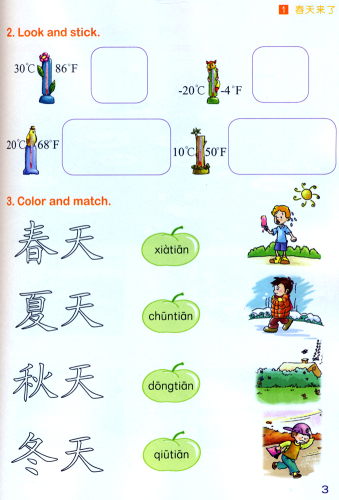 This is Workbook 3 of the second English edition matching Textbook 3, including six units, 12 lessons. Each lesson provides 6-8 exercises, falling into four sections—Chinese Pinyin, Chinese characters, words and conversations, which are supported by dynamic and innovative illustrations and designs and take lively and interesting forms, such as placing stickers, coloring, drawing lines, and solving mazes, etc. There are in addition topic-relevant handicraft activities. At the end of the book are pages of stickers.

--

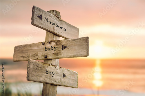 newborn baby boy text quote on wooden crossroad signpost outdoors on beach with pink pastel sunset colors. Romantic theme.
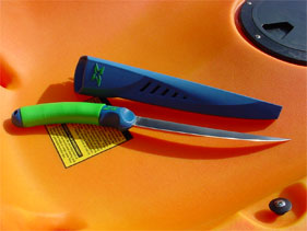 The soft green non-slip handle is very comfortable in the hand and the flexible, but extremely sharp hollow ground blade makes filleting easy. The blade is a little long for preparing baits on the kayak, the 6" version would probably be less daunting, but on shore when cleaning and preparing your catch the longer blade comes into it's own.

==

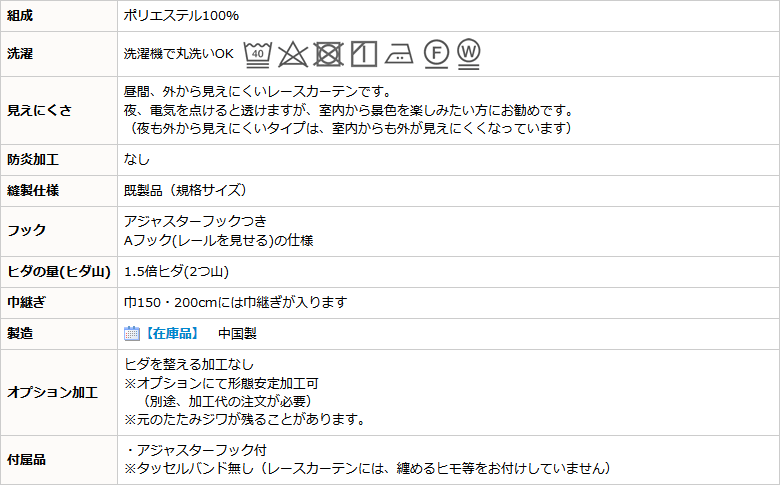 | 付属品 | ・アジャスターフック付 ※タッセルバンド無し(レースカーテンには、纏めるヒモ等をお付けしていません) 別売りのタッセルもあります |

• **TASK TO CARRY OUT**:
Would you restate, exactly and with no pictures, the lines of the entries above from the one containing "newborn baby boy" through the one containing "The soft green"?

• **OUTPUT BELOW**:
 newborn baby boy text quote on wooden crossroad signpost outdoors on beach with pink pastel sunset colors. Romantic theme.
 The soft green non-slip handle is very comfortable in the hand and the flexible, but extremely sharp hollow ground blade makes filleting easy. The blade is a little long for preparing baits on the kayak, the 6" version would probably be less daunting, but on shore when cleaning and preparing your catch the longer blade comes into it's own.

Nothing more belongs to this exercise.